(Directions):
What you output must be the exact lines from the first line of the data through the one holding "En stilren och", with no pictures.

(Exercise materials):
■ ■ ■ ■

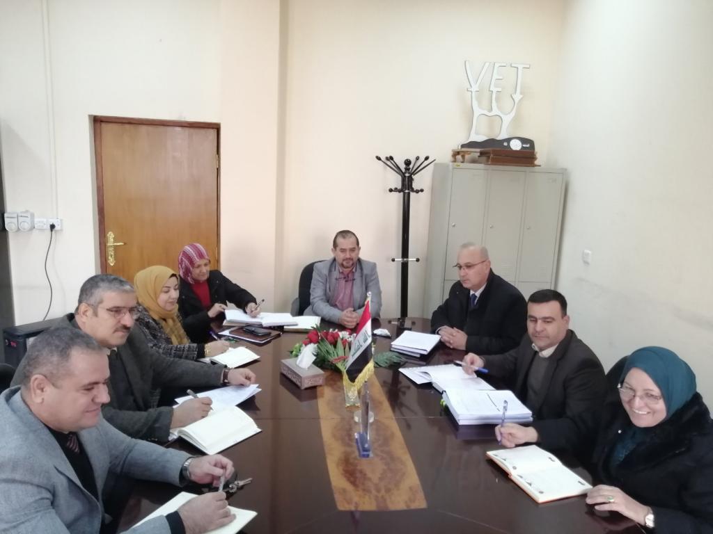 The Council of the College ofVeterinary Medicineheld its regular meeting on Sunday morning 12thJanuary , 2020, chaired by the dean of the college Professor Dr. Dhafer Mohammad Aziz and the presence of the dean assistant for administrative Affairs Assistant Prof. Dr. Saevan Saad Al-Mahmood, and the heads of various departments:Internal and Preventive Medicine department, Pathology and Poultry Diseases department, Surgery and Theriogenology department, Anatomy department, Microbiology department, physiology, biochemistry and pharmacology department and Veterinary Public Health department and representative of the Nineveh Academic Syndicate.The meeting focused on several topics of interest to the college, including conveying the recommendations of the University of Mosul’s council, approving a number of scientific research, and forming committees to discuss doctoral dissertations. The council also discussed the matters related to final exams for the first semester of postgraduate and graduate students.
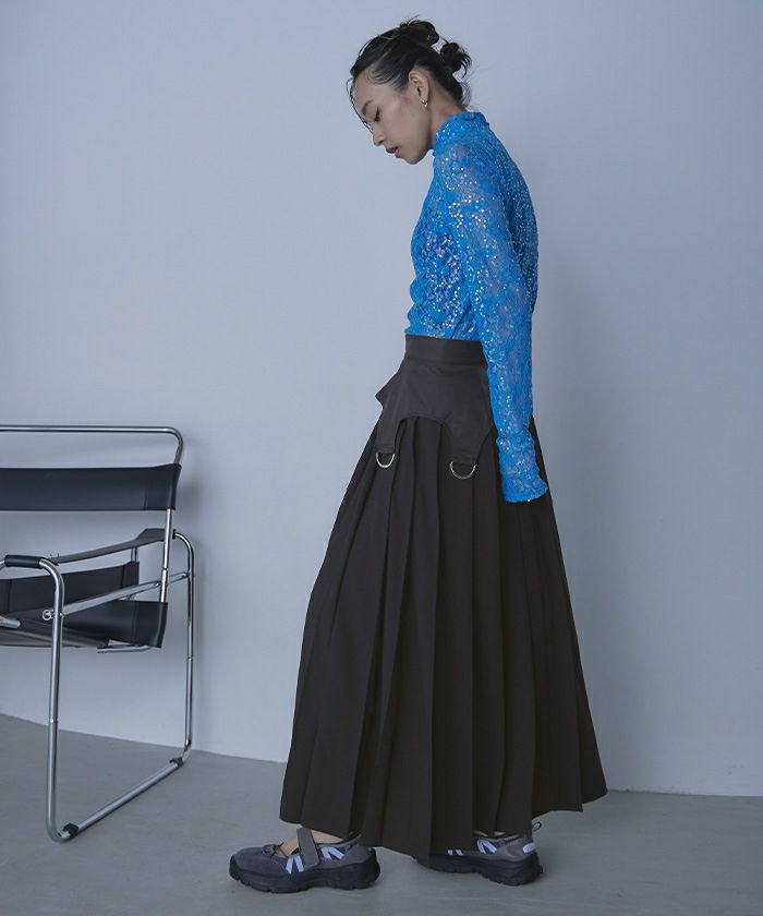 この製品はプリーツ加工を施してあります。この加工は永久的なものではなく、着用やクリーニングの繰返しによって次第にプリーツが消失する可能性があります。保管の際はプリーツを伸ばさないようにご配慮下さい。
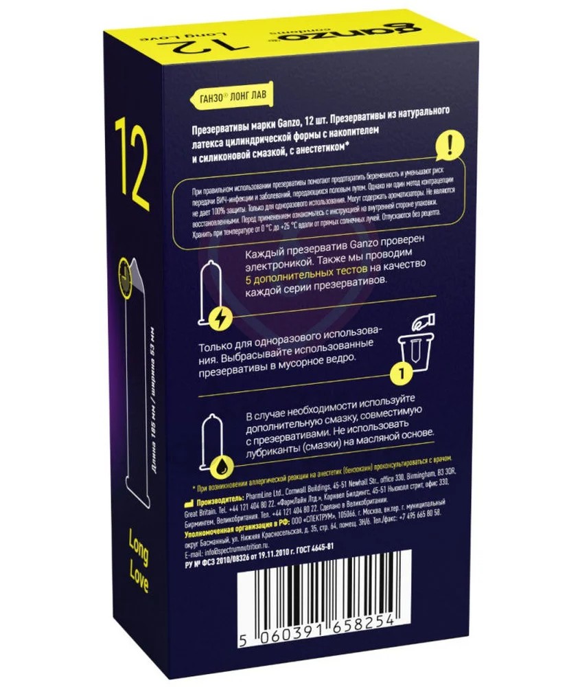 Презервативы Ganzo Long Love с анестетиком помогут продлить половой акт и получить еще больше удовольствия от близости. Выполнены из натурального латекса с накопителем и обильной силиконовой смазкой. В упаковке 12 презервативов, качество которых проверено электроникой.
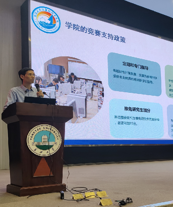 会议伊始,学院副院长陈中举围绕学科竞赛政策展开专题解读,从学科竞赛分类、报名渠道筛选到奖励机制细则,逐一进行清晰说明,鼓励新生以竞赛为契机,锤炼专业技能、提升综合素养。
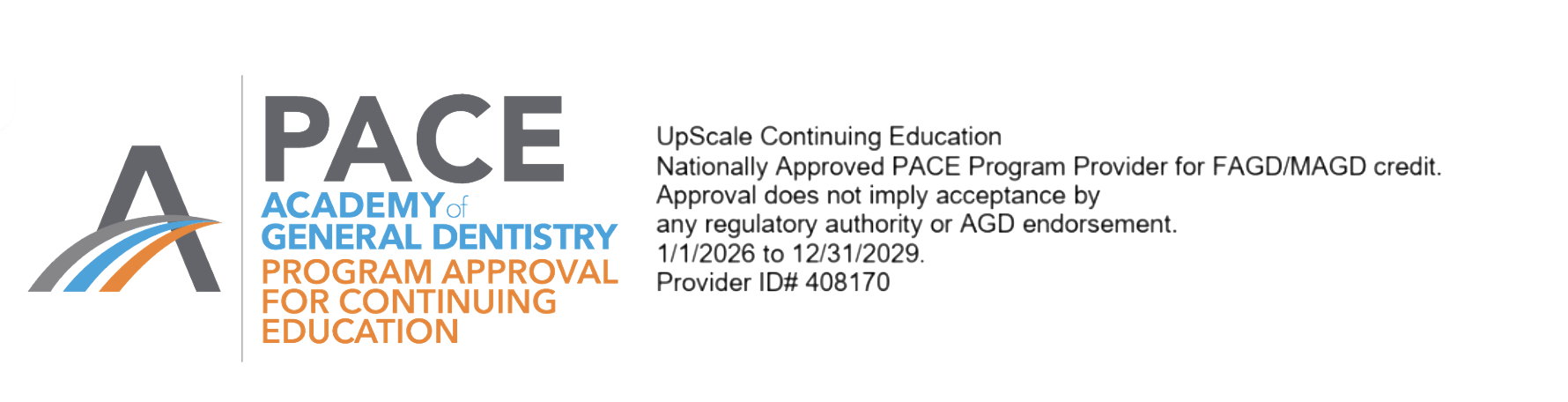 This activity has been planned and implemented in accordance with the standards of the Academy of General Dentistry Program Approval for Continuing Education (PACE) through the joint program provider approval of UpScale Education, LLC and National Network of Healthcare Hygienists.
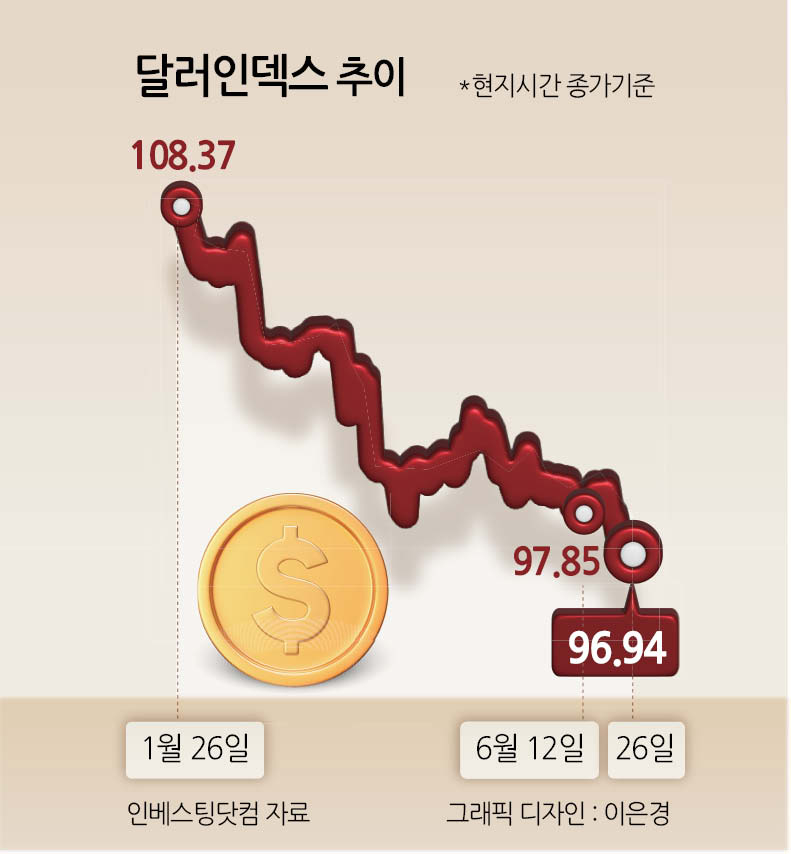 시장은 연준의 독립성 훼손을 우려하며 달러가치가 3년 3개월래 최저치로 떨어졌다. 주요 6개국 통화대비 달러 가치를 반영하는 달러인덱스는 26일(현지시간) 장 마감 기준으로 96.94을 기록했다. 이는 2022년 3월 초 이후 3년여 만에 최저치다.
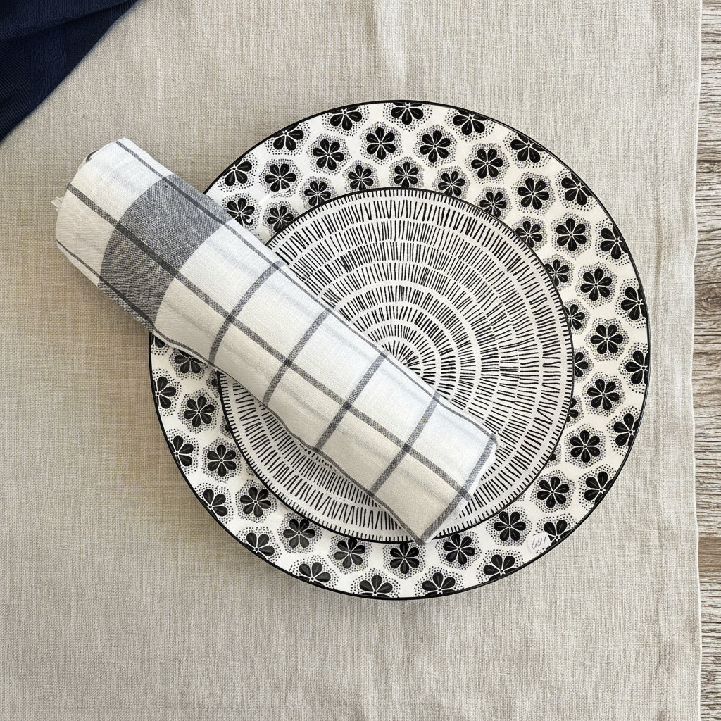 En stilren och vacker assiett med tidlöst mönster i svart. Det eleganta motivet och den tunna svarta kanten ger en känsla av stil och harmoni.
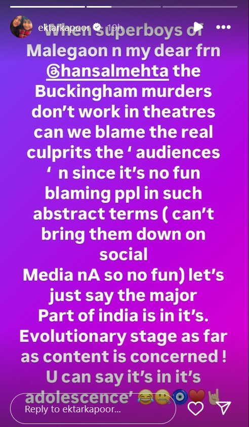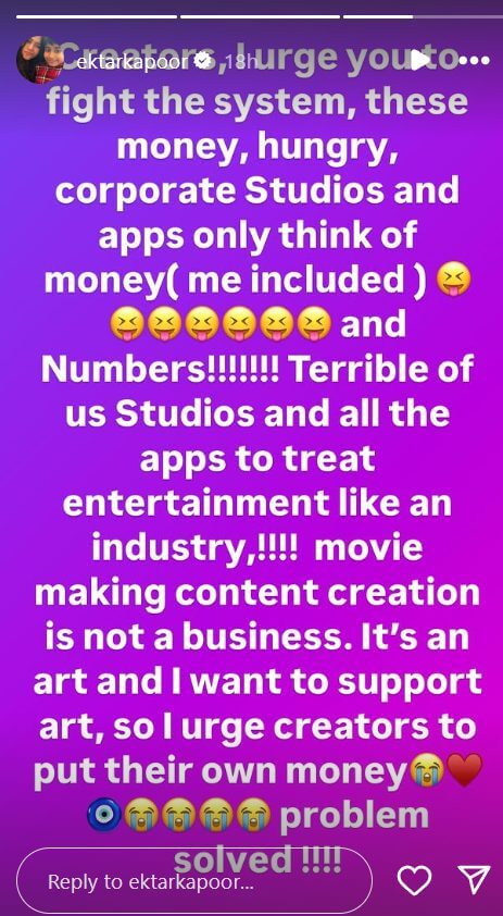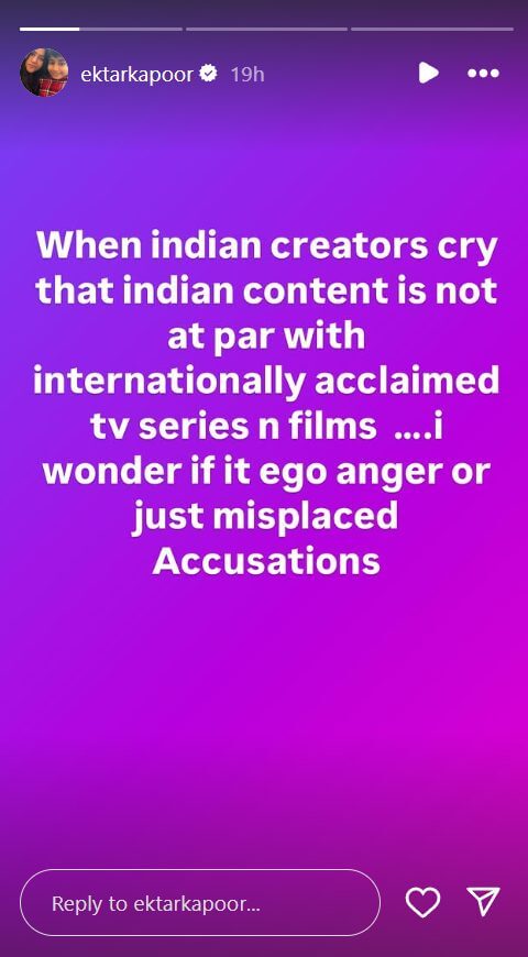 एकता कपूर ने अपने सोशल मीडिया अकाउंट पर स्टोरी शेयर की। जिसमें उन्होंने लिखा, “पैसों से ज्यादा अगर आर्ट पर फोकस किया जाए, तो हमारा सिनेमा भी किसी हॉलीवुड सीरीज से कम नहीं।” आगे उन्होंने लिखा, “जब इंडियन क्रिएटर इस बात पर रोते हैं कि इंडियन कंटेंट में अब दम नहीं रहा है, तो उन्हें बहुत बुरा लगता है। वे लोग इंटरनेशनल टीवी सीरीज और फिल्मों की तारीफ करते हैं। अगर वह लोग ऐसा करते हैं, तो क्या यह उनका एक है या गुस्सा। कहा जाए कि वह अपने दिमाग में गलत धारणा हमारे सिनेमा को लेकर बनने जा रहे हैं।”
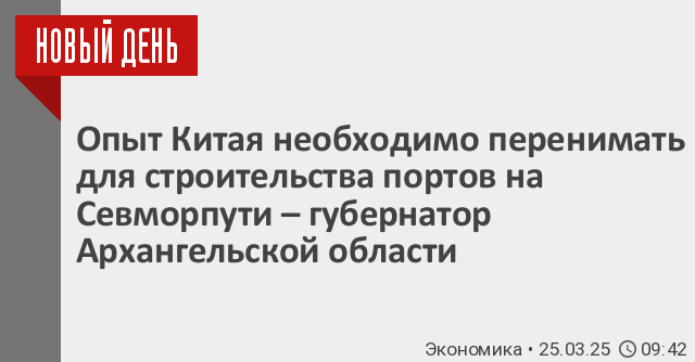 России необходимо перенимать опыт Китая по перевозке грузов для строительства портов на Северном морском пути (СМП). Такое мнение в интервью ТАСС высказал редседатель комиссии Госсовета по направлению «Международная кооперация и экспорт», губернатор Архангельской области Александр Цыбульский.
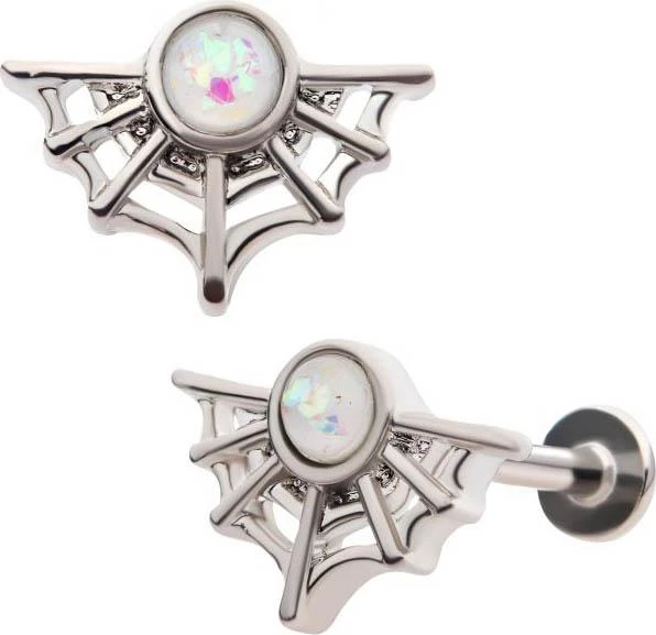 MATERIAL: 316L Steel Spider Web with Glitter Faux White Opal Labret.
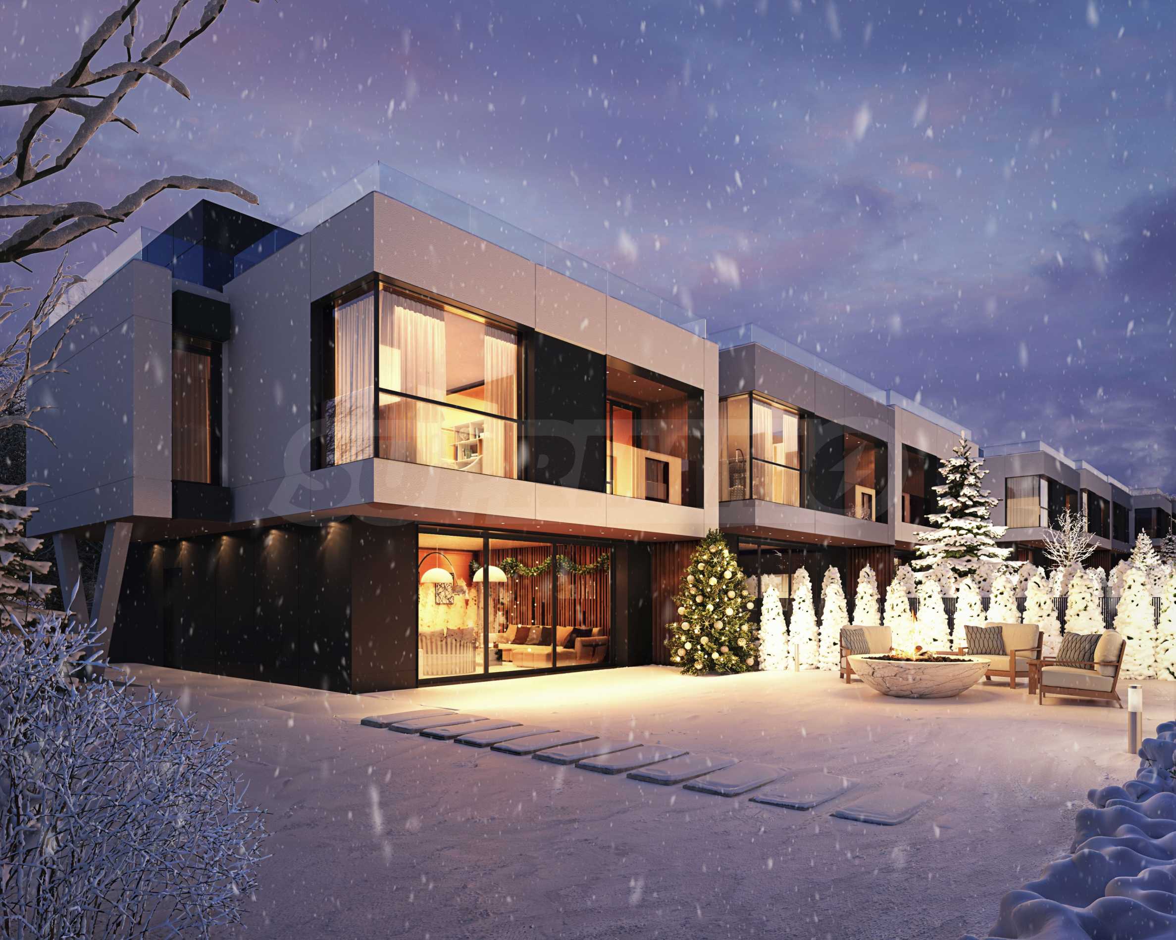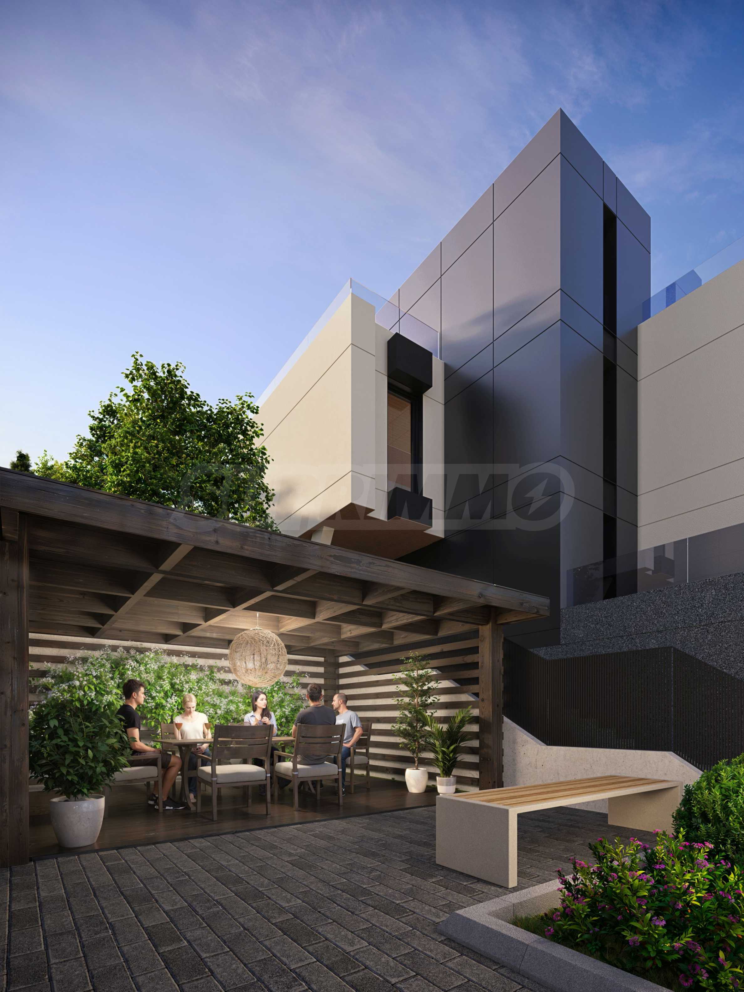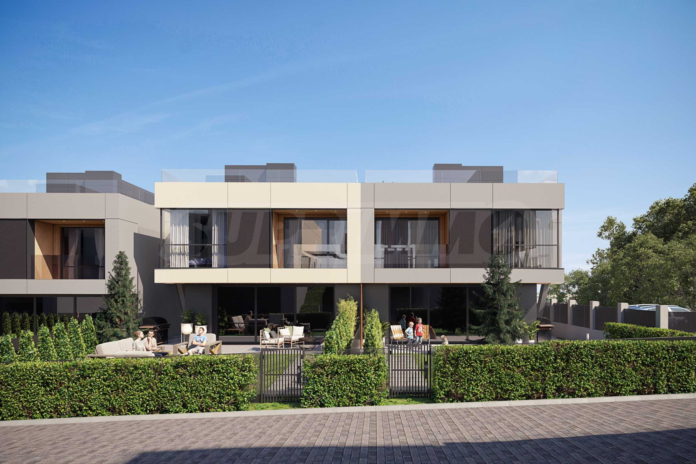 We present for sale a new, modern two-story house No. 1, part of an impressive complex of 20 energy-efficient houses in the village of Bistritsa, just 25 minutes by car from the center of the capital. The complex is located in a convenient and picturesque location, just 13 minutes from the Business Park metro station and in close proximity to a public transport stop. It provides quick access to the Ring Road, IKEA and Ring Mall (14 min), as well as to natural and sports destinations such as Lake Pancharevo (13 min), Simeonovo lift and the Borovets ski resort, located about an hour away.

■ ■ ■ ■

(Result below):
 The Council of the College ofVeterinary Medicineheld its regular meeting on Sunday morning 12thJanuary , 2020, chaired by the dean of the college Professor Dr. Dhafer Mohammad Aziz and the presence of the dean assistant for administrative Affairs Assistant Prof. Dr. Saevan Saad Al-Mahmood, and the heads of various departments:Internal and Preventive Medicine department, Pathology and Poultry Diseases department, Surgery and Theriogenology department, Anatomy department, Microbiology department, physiology, biochemistry and pharmacology department and Veterinary Public Health department and representative of the Nineveh Academic Syndicate.The meeting focused on several topics of interest to the college, including conveying the recommendations of the University of Mosul’s council, approving a number of scientific research, and forming committees to discuss doctoral dissertations. The council also discussed the matters related to final exams for the first semester of postgraduate and graduate students.
 この製品はプリーツ加工を施してあります。この加工は永久的なものではなく、着用やクリーニングの繰返しによって次第にプリーツが消失する可能性があります。保管の際はプリーツを伸ばさないようにご配慮下さい。
 Презервативы Ganzo Long Love с анестетиком помогут продлить половой акт и получить еще больше удовольствия от близости. Выполнены из натурального латекса с накопителем и обильной силиконовой смазкой. В упаковке 12 презервативов, качество которых проверено электроникой.
 会议伊始,学院副院长陈中举围绕学科竞赛政策展开专题解读,从学科竞赛分类、报名渠道筛选到奖励机制细则,逐一进行清晰说明,鼓励新生以竞赛为契机,锤炼专业技能、提升综合素养。
 This activity has been planned and implemented in accordance with the standards of the Academy of General Dentistry Program Approval for Continuing Education (PACE) through the joint program provider approval of UpScale Education, LLC and National Network of Healthcare Hygienists.
 시장은 연준의 독립성 훼손을 우려하며 달러가치가 3년 3개월래 최저치로 떨어졌다. 주요 6개국 통화대비 달러 가치를 반영하는 달러인덱스는 26일(현지시간) 장 마감 기준으로 96.94을 기록했다. 이는 2022년 3월 초 이후 3년여 만에 최저치다.
 En stilren och vacker assiett med tidlöst mönster i svart. Det eleganta motivet och den tunna svarta kanten ger en känsla av stil och harmoni.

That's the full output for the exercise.